1.Add 1 "Region" column for each table
2.Every night there will be data processing that will update those columns base on specified value by user via MDS (I assume only user know the relation between facility and region)
create table Data1_Mapping_Facility_Region
(
Facility int,
Region nvarchar(60)
)
create index IX_Data1_Mapping_Facility_Region_Facility on Data1 (Facility) include (region)
create table Data2_Mapping_Facility_Region
(
Facility int,
Region nvarchar(60)
)
create index IX_Data2_Mapping_Facility_Region_Facility on Data2 (Facility) include (region)
insert into Data1_Mapping_Facility_Region values(100, 'North'), (200, 'South'), (300, 'Midwest')

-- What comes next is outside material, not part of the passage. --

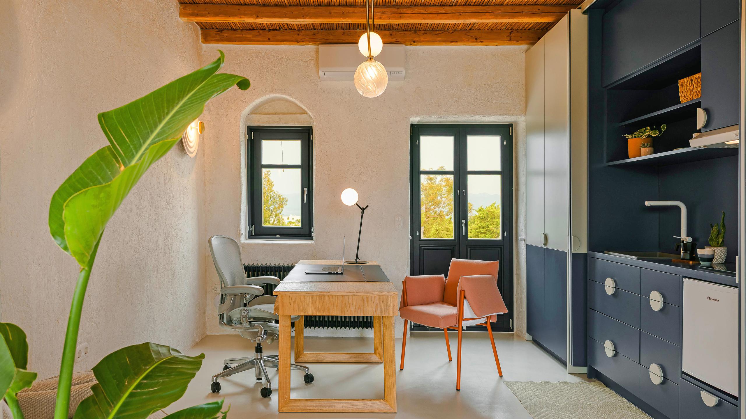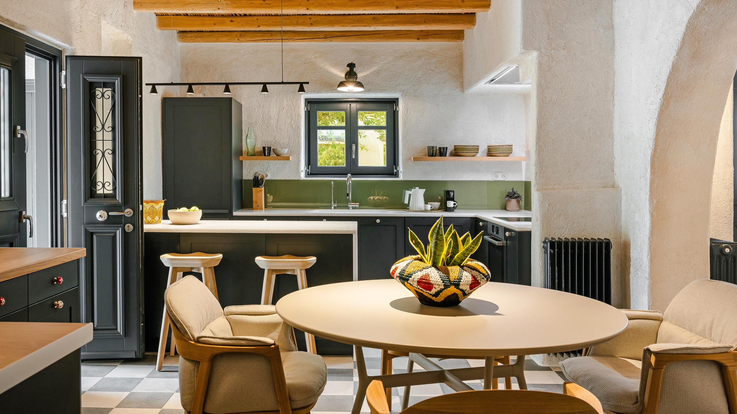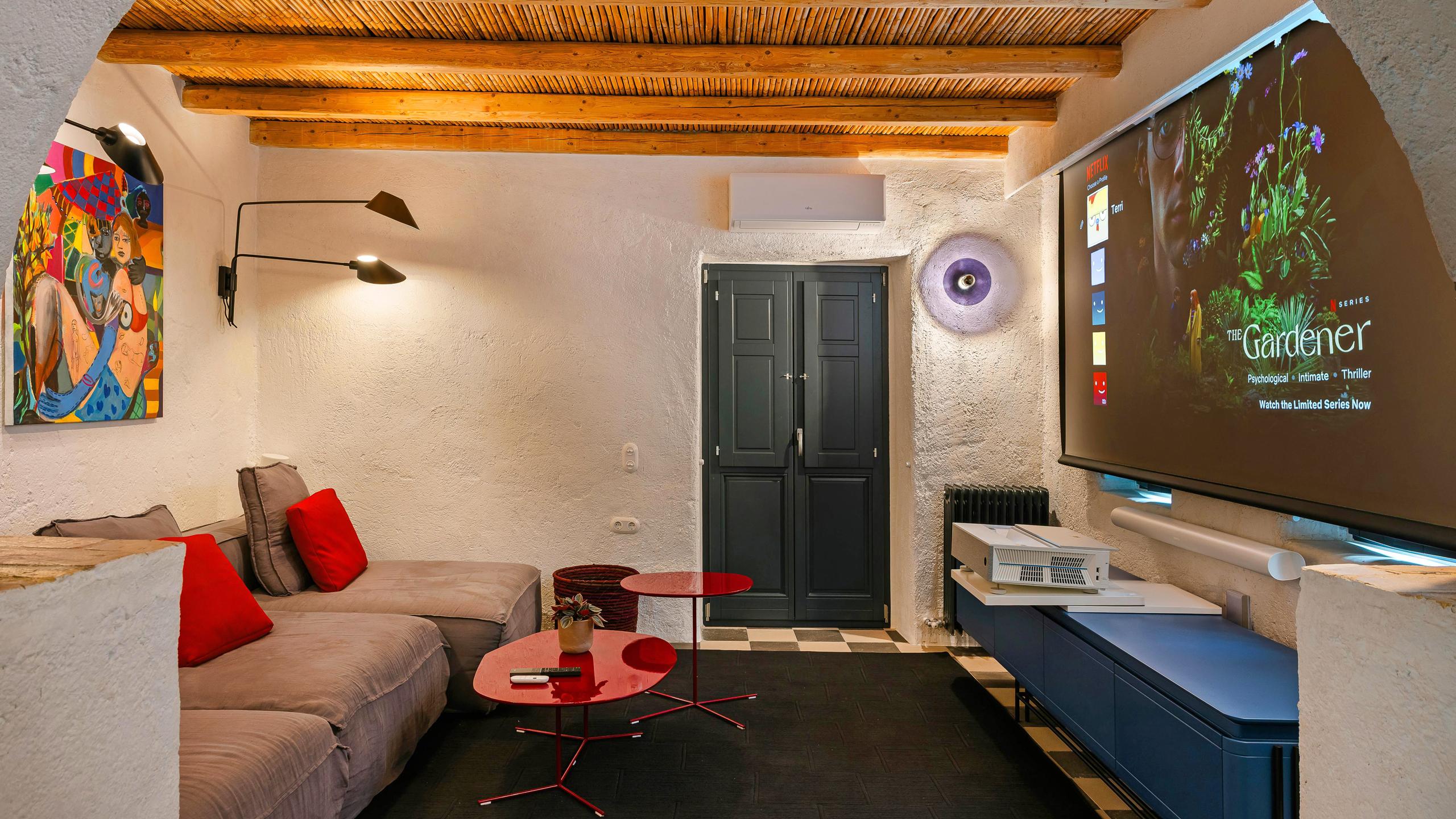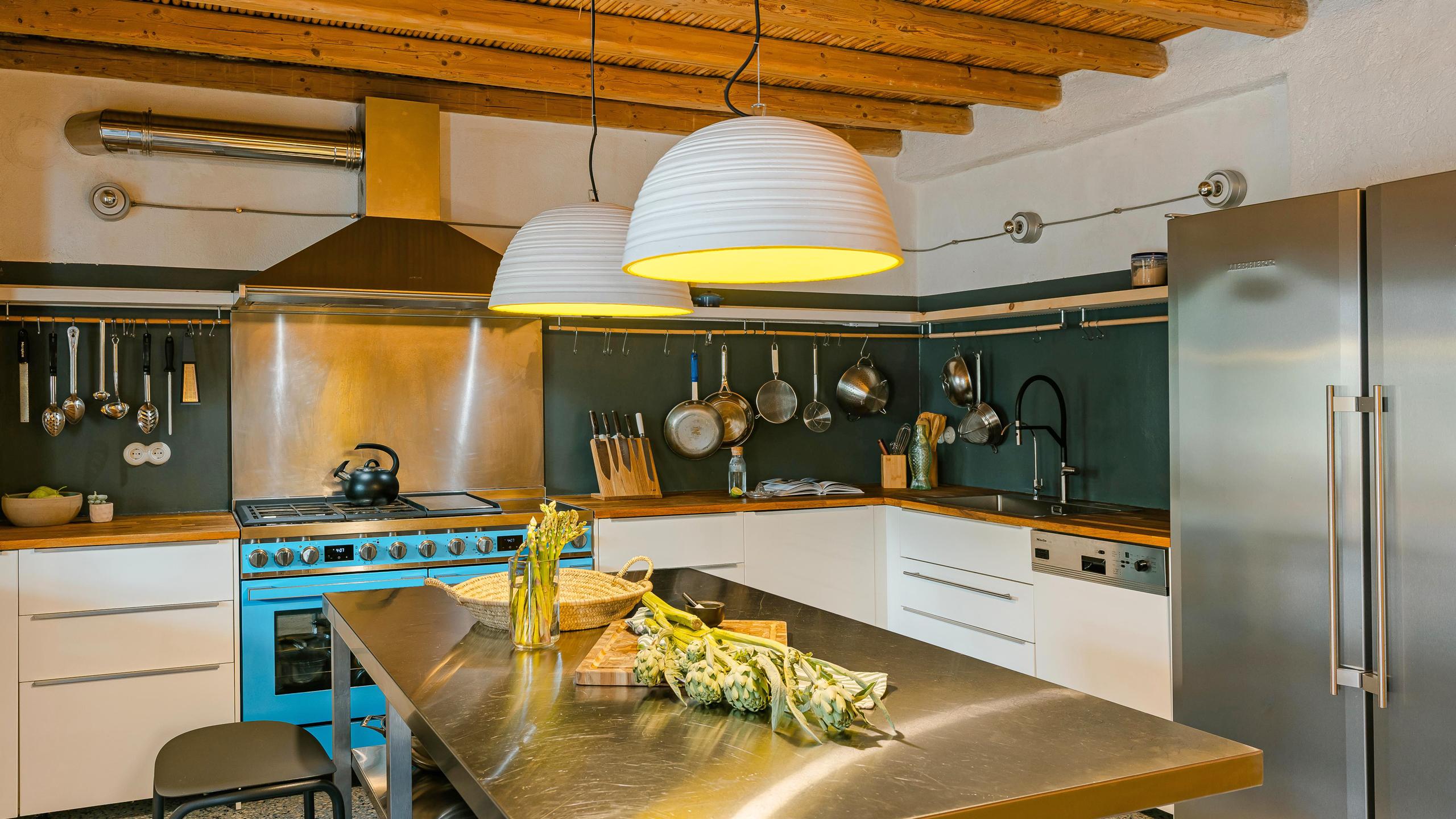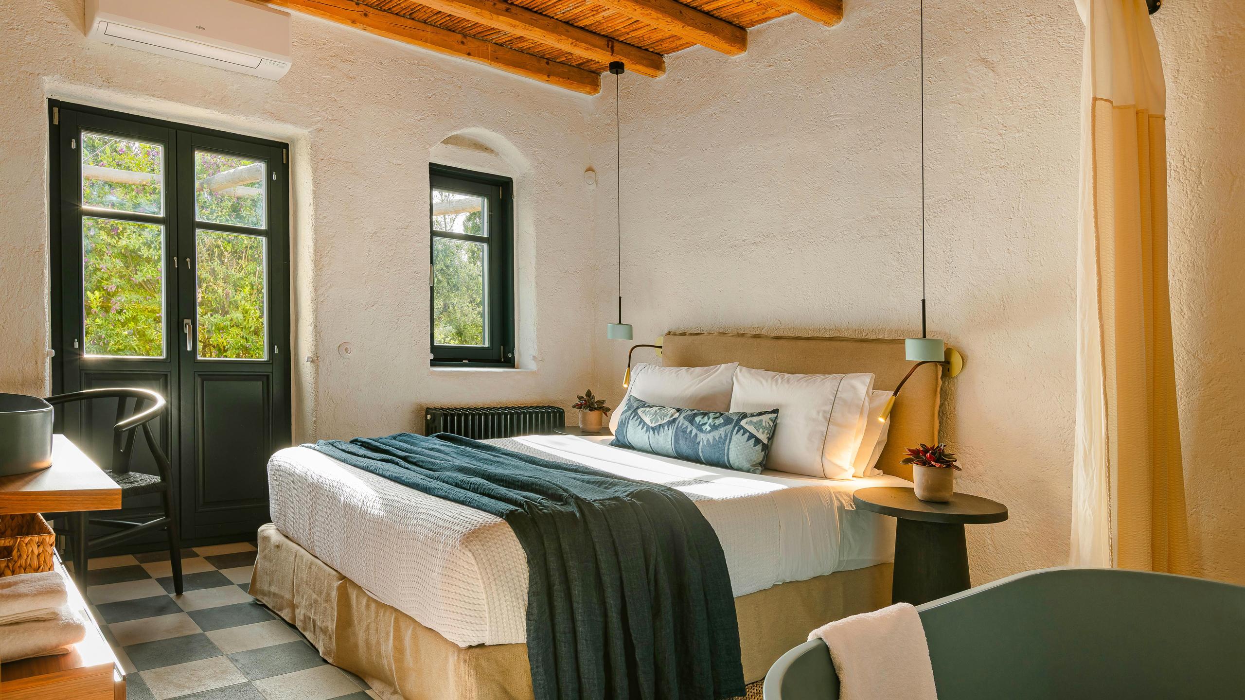 Gli interni riprendono perfettamente lo stesso filo conduttore, con un'atmosfera accogliente e fresca allo stesso tempo, e una scelta di arredi particolarmente singolare ed interessante, con pezzi che ricordano gli anni '60 e '70 perfettamente inseriti e bilanciati in tutti gli ambienti. I colori e materiali utilizzati sono decisamente azzeccati e personalizzano tutti gli ambienti, sia le zone comuni, che le sei camere da letto equamente suddivise tra il corpo centrale e la guest house vicina, con pezzi unici, pavimenti e piastrelle diverse e dettagli estremamente apprezzabili.

insert into Data2_Mapping_Facility_Region values(63, 'North'), (67, 'South'), (89, 'Midwest')
Mapping_Data1_Facility_Region
100 'North'
200 'South'
300 'Midwest'
Mapping_Data2_Facility_Region
63 'North'
67 'South'
89 'Midwest'
Create index for Data1 and Data2
create index IX_Data1_Region on Data1 (Region) include (Other_Variable_1)
create index IX_Data2_Region on Data2 (Region) include (Other_Variable_B)
update Data1 and Data2
update data
set data.Region = map.Region
from Data1 data
inner join Data1_Mapping_Facility_Region map
on data.Facility = map.Facility
update data
set data.Region = map.Region
from Data2 data
inner join Data2_Mapping_Facility_Region map
on data.Facility = map.Facility
Change query to
select a.Other_Variable_1, b.Other_Variable_B
from Data1 a
inner join Data2 b on a.Region = b.Region
Compare query plan
Upvotes: 1
Reputation: 15508
Yes, try to do it completely without the CASE
statement and directly map the values onto each other:
select a.Other_Variable_1, b.Other_Variable_B
from Data1 a
inner join Data2 b
on (a.Facility = 100 and b.Facility = 63)
or (a.Facility = 200 and b.Facility = 67)
or (a.Facility = 300 and b.Facility = 89)
Next, make sure that no primary key is missing -- I have the feeling this is the case here. Otherwise you will get a cartesian product-like join of the data sets in your tables.
Upvotes: 0